◆ Exercise materials:
_ _ _ _ _
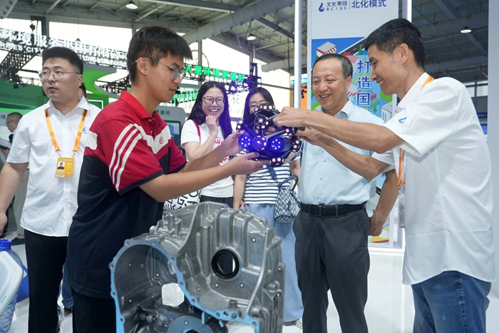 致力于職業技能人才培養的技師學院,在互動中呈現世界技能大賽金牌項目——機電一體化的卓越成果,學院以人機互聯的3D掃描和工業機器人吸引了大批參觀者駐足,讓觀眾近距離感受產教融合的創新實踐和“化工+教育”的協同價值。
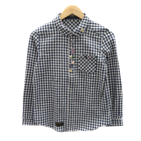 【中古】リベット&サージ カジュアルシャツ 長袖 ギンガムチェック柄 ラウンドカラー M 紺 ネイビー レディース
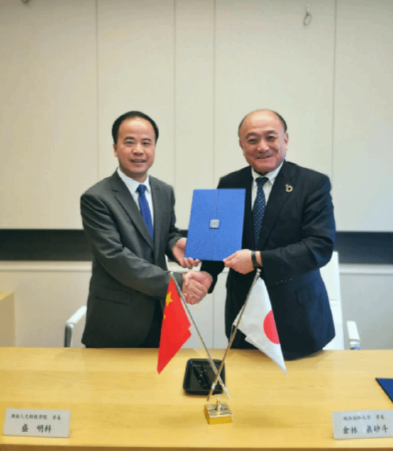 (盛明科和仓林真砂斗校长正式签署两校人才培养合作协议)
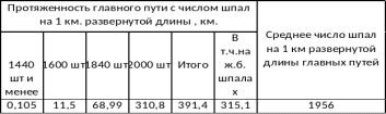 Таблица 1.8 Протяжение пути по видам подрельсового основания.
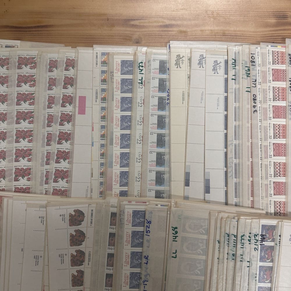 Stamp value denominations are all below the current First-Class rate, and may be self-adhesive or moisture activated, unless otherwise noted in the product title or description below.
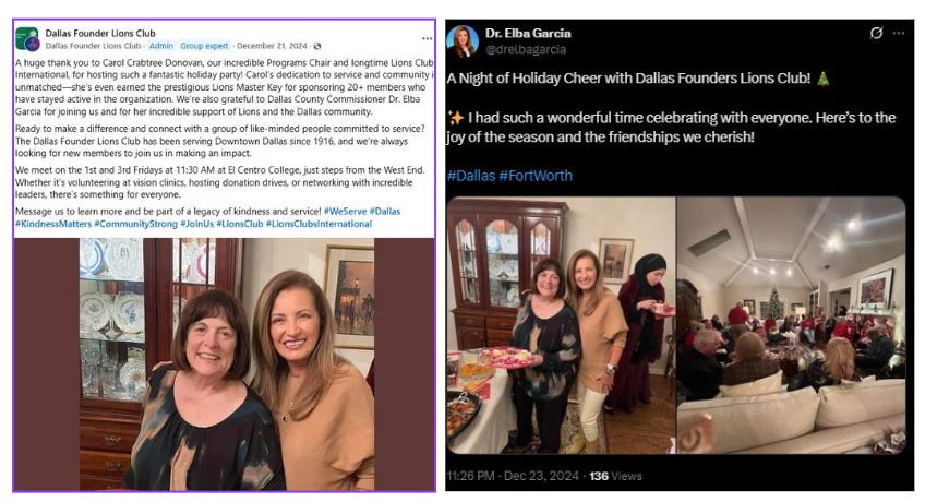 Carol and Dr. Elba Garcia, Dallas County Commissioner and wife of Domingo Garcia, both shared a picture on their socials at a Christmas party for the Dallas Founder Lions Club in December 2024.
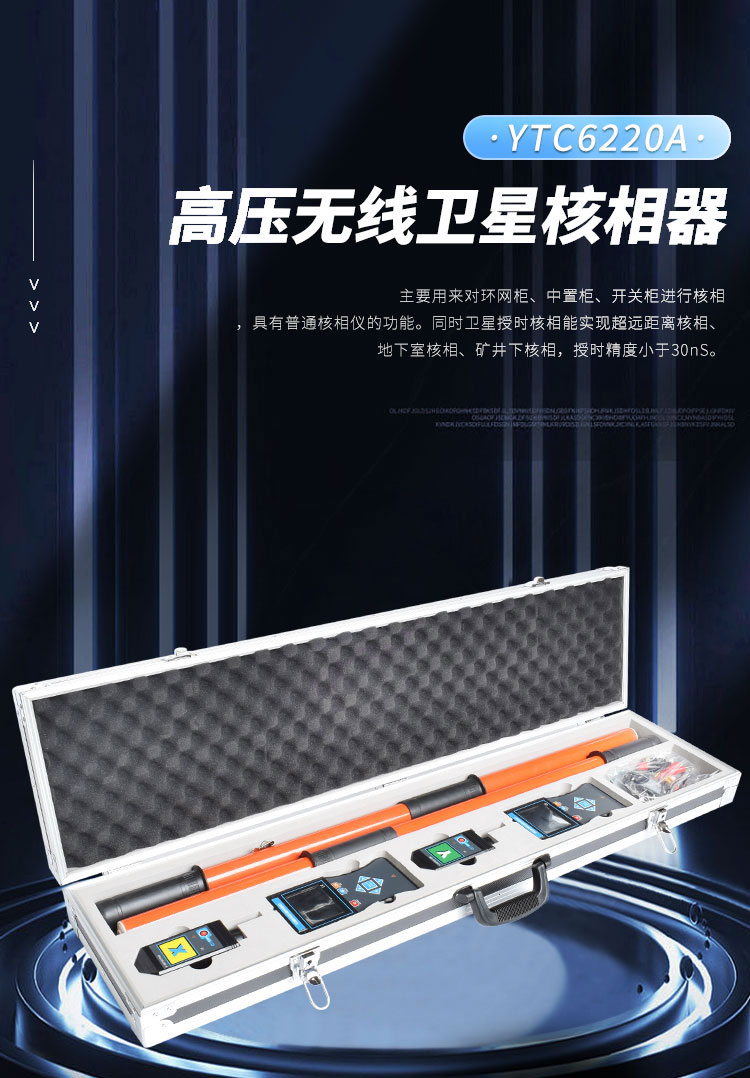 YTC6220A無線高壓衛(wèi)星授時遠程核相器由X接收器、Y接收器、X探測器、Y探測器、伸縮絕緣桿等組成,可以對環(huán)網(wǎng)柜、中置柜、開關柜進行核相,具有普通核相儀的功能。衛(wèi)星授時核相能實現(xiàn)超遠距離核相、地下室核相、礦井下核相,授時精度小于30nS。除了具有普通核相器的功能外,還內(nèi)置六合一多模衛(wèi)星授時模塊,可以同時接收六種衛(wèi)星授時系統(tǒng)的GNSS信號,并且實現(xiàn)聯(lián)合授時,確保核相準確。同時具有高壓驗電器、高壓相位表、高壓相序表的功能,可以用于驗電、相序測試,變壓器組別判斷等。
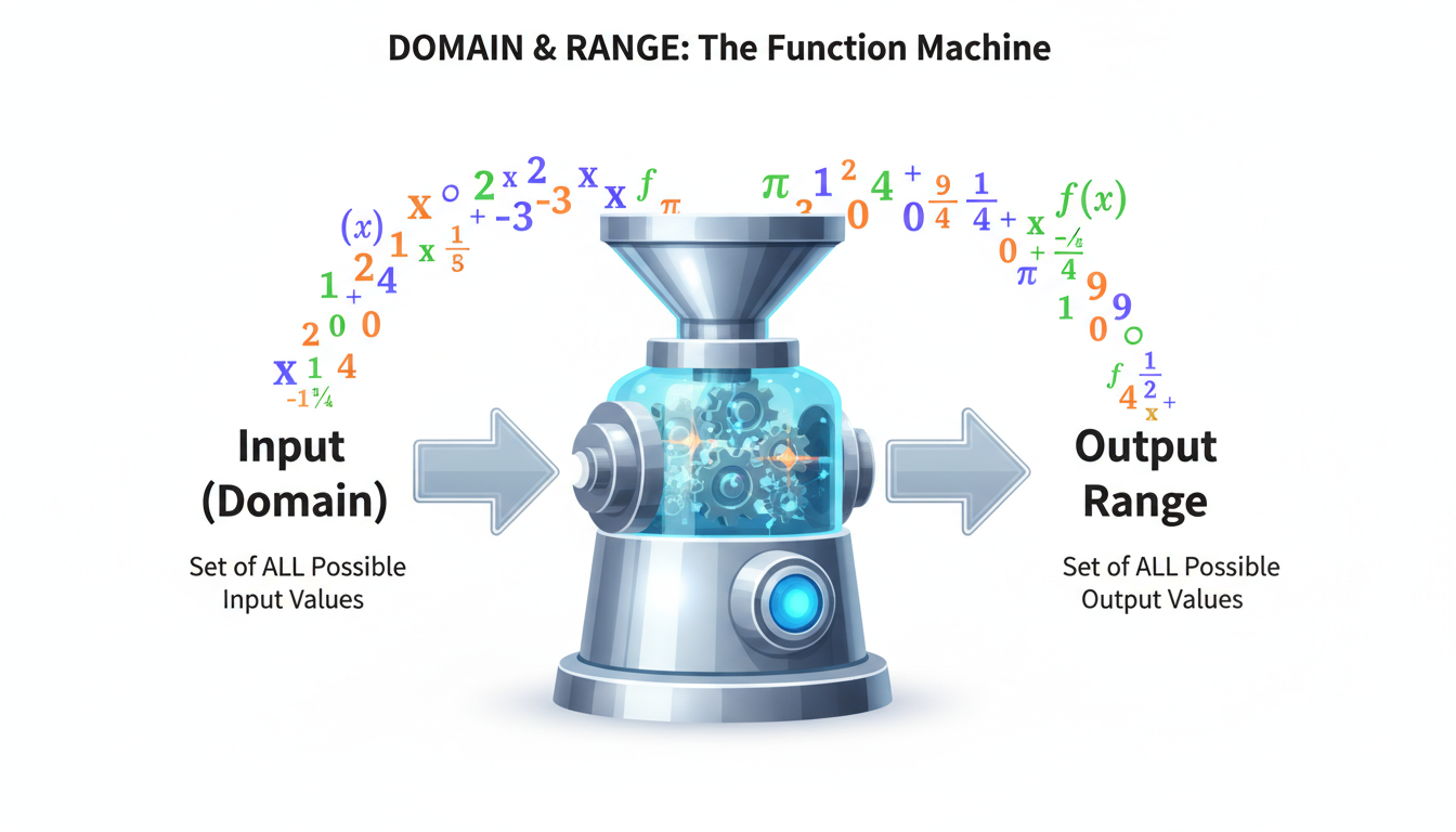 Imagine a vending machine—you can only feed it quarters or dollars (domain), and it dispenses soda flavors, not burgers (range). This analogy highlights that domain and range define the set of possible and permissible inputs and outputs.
_ _ _ _ _
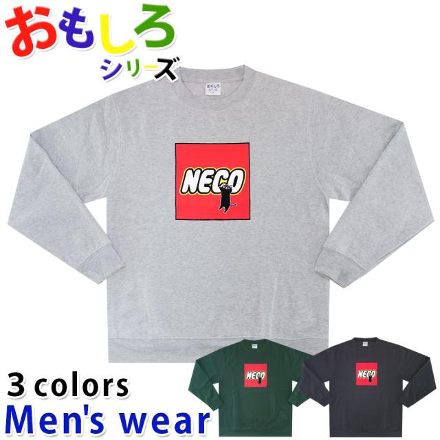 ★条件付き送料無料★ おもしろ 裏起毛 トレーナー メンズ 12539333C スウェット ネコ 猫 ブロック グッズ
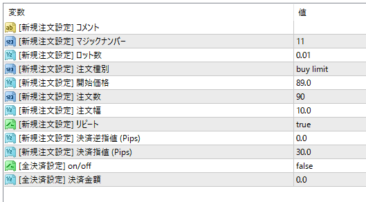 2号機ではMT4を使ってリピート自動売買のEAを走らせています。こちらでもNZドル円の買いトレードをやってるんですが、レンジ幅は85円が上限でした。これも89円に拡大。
_ _ _ _ _
◆ Work item: Give back exactly the lines above from the one with "致力于職業技能人才培養的技師" through the one with "Таблица 1.8 Протяжение", both included. Pictures don't belong in the copy.

◆ Solution for this exercise:
 致力于職業技能人才培養的技師學院,在互動中呈現世界技能大賽金牌項目——機電一體化的卓越成果,學院以人機互聯的3D掃描和工業機器人吸引了大批參觀者駐足,讓觀眾近距離感受產教融合的創新實踐和“化工+教育”的協同價值。
 【中古】リベット&サージ カジュアルシャツ 長袖 ギンガムチェック柄 ラウンドカラー M 紺 ネイビー レディース
 (盛明科和仓林真砂斗校长正式签署两校人才培养合作协议)
 Таблица 1.8 Протяжение пути по видам подрельсового основания.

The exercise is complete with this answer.